Hoeveel de Lexhy aan de bruinkool verdiend heeft is niet bekend. De firma Louisegroeve echter had een grote strop aan het avontuur. De schuldeisers konden aan het eind niet eens meer betaald worden. De bruinkool werd afgeleverd via de Rijkskolendistributie. Vooraf was een prijs van 12 gulden per ton afgrsproken voor alle Limburgse bruinkool. Vanwege de slechte kwaliteit werd die prijs verlaagd tot uiteindelijk 8 gulden. De kwaliteit van de bruinkool uit Graetheide was echter wel goed omdat de deklaag veel dikker was dan in de andere groeves. De firma begon daarom een proces tegen de Staat om 3,8 miljoen gulden extra te krijgen. Er werd jarenlang over gediscussieerd en geprocedeerd. De Tweede Kamer praat er diverse malen over en in de landelijke pers krijgt de zaak veel aandacht. Uiteindelijk krijgt Louisegroeve 884.000 gulden (omgerekend naar nu een kleine 30 miljoen Euro).

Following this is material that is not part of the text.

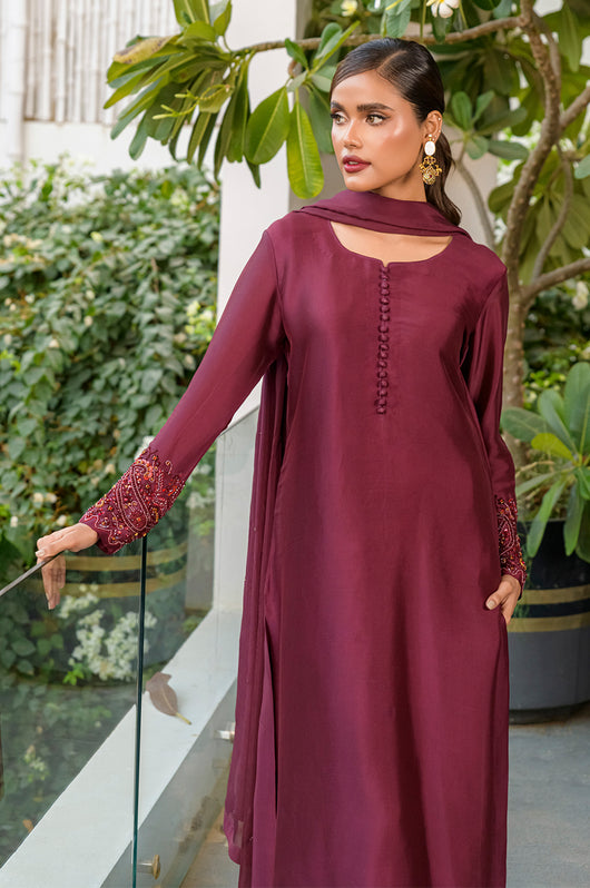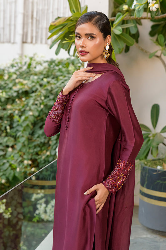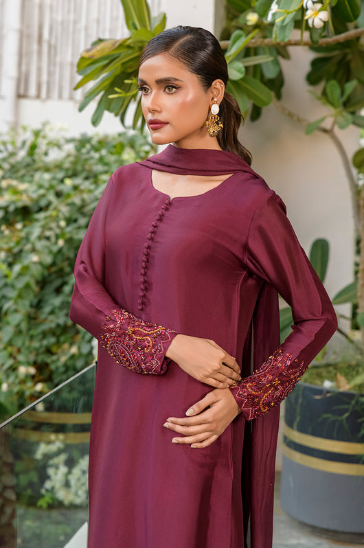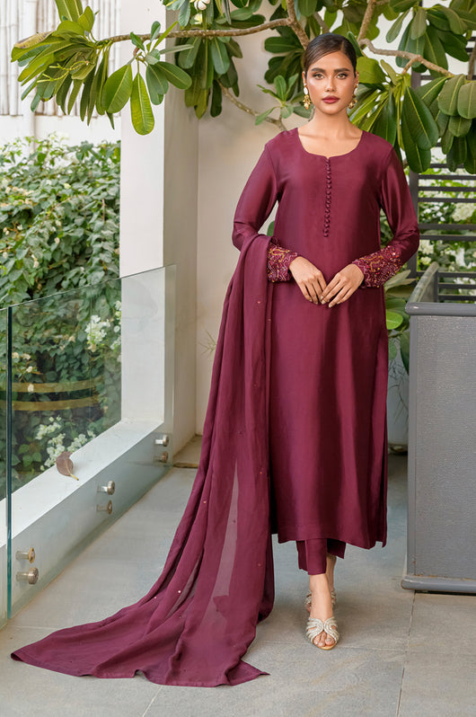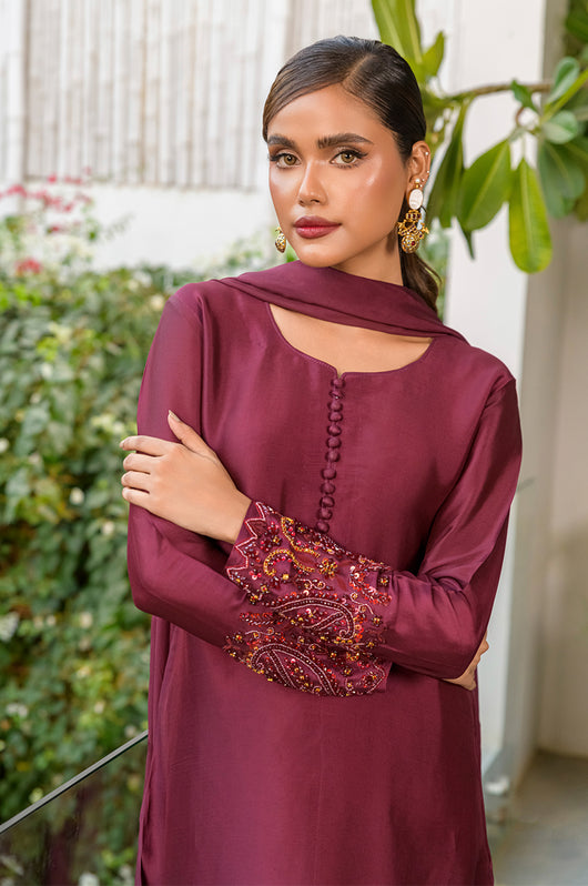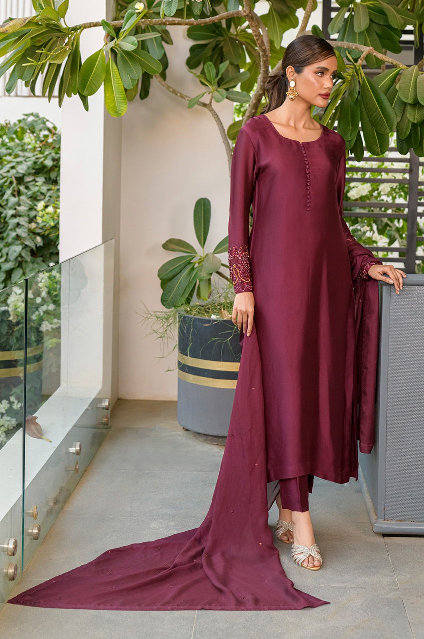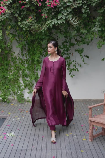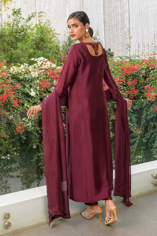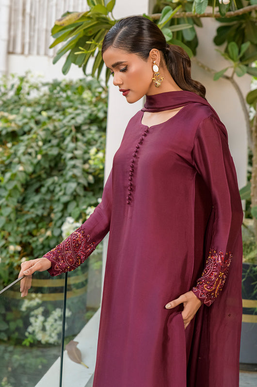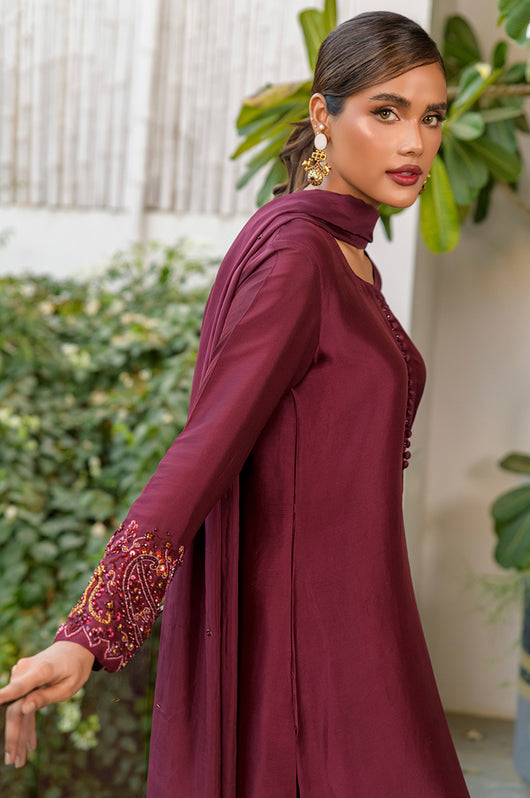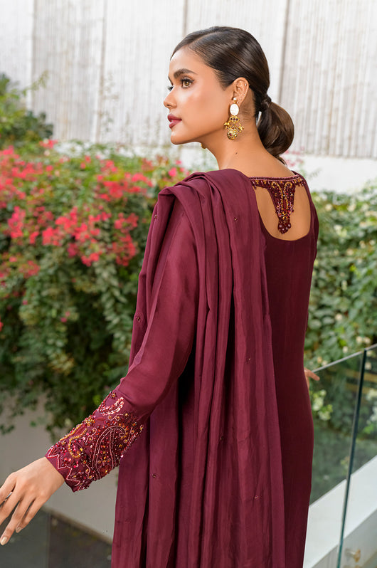 Hind is a burgundy colored butter silk monochrome long shirt with handworked sleeves and the same self colored back details as well. The hand work is made in burgundy colored crushed kat dana and stones details along with other embellishments. The dress comes with same colored straight pants made in butter silk and silk dupatta with crushed kut dana chan all over the dupatta.

Rood: huidige hoofdwegen (Oude Postbaan, Urmonderbaan, Burg. Lemmensweg) Bruin: groeven Geel: storthopen
Groeve I met op de achtergrond kasteel Welschenheuvel.
Groeve II nadat het werk gestopt was
De arbeidsomstandigheden waren slecht.
De meeste arbeiders waren uit het noorden van Nederland afkomstig; ze werden daarom polderjongens genoemd. Ze sliepen in 5 houten keten (met een ziekenafdeling) die langs de Oude Postbaan stonden. Ze werkten in twee ploegen, tien uur per dienst. ‘s Nachts was het terrein elektrisch verlicht. Het afgraven gebeurde met de hand. Boven de bruinkool zat een laag zware zwarte klei waar zelfs met een houweel niet doorheen te komen was. Met aangepunte stukken spoorstaaf, die met mokers in de grond werden gedreven werd de laag in kleine stukken eruit gehakt.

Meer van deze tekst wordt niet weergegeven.